Asset inventory

IBM® Guardium® Insights provides a unified view where you can manage an inventory of data assets and their associated context information. For example, risk events, vulnerability assessment results, data classification results, business tags, and other related attributes. The entities such as a database (of the same type) along with IP addresses with port, or host names with port constitutes an asset. The broader view of the asset risk information helps you to easily view and identify the critical risks and prioritize mitigation activities.

Version 3.4.x and later This content only applies to Guardium Insights Version 3.4.x and later.

Asset data

You can find multiple layers of infrastructure that underlie named databases, which include server instances and server hosts. In the cloud-based world, those underlying layers can be made transparent to the user through Database as a Service (DBaaS). The common denominator between cloud and on-premises databases is the named database. Therefore, the named database is the foundation of Assets Service in IBM Guardium Insights.

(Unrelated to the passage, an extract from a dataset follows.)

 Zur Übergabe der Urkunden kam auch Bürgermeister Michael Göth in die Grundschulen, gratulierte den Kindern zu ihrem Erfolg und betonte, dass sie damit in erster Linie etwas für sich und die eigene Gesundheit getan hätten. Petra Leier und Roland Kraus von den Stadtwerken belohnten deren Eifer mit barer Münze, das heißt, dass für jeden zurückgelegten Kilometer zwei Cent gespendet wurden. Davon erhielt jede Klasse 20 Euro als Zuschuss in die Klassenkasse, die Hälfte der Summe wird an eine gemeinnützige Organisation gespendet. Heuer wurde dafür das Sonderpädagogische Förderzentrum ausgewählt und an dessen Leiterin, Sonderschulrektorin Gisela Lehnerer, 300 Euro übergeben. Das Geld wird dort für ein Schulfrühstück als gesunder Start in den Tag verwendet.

Assets are identified as a byproduct of Guardium Insights data ingestion process. The asset ingestion process runs every hour to import assets into the asset repository. The asset inventory is created by aggregating data assets from the following multiple sources.

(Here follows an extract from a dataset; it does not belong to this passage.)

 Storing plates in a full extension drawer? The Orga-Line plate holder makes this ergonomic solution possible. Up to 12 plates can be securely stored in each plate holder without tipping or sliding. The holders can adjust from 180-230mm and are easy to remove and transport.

Datamart ingestion tables from Guardium Data Protection and streams.
Health information of Guardium Data Protection S-TAPs and cloud sources.
Vulnerability assessment (VA) scans and data classification scans from Guardium Data Protection.

Guardium Insights Asset Service draws the relationships between related data points of the various sources. For example, S-TAP triggered monitoring events for a host can be matched with VA scan results for databases on the same host.

Asset list view

Use the Asset inventory page to view and manage the assets. The default asset view lists all the assets in the inventory along with their attributes. To access the page, click Asset inventory in the main menu ( Menu icon ) at the upper left of the page.

From the Asset inventory page, you can do the following activities.

Drill down to view and manage an individual asset. For more information, see Investigating assets and their risk attributes.
View and manage tagging rules. For more information, see Creating auto-tagging rules.
View and manage custom tags. For more information, see Managing tags.

Asset information on the overview dashboard

View the high-level asset information from the Guardium Insights overview dashboard. To access the dashboard page, click Dashboards in the main menu. The Classic Guardium Insights overview dashboard includes the following cards to view the asset information. Click the link on the respective cards to view more details.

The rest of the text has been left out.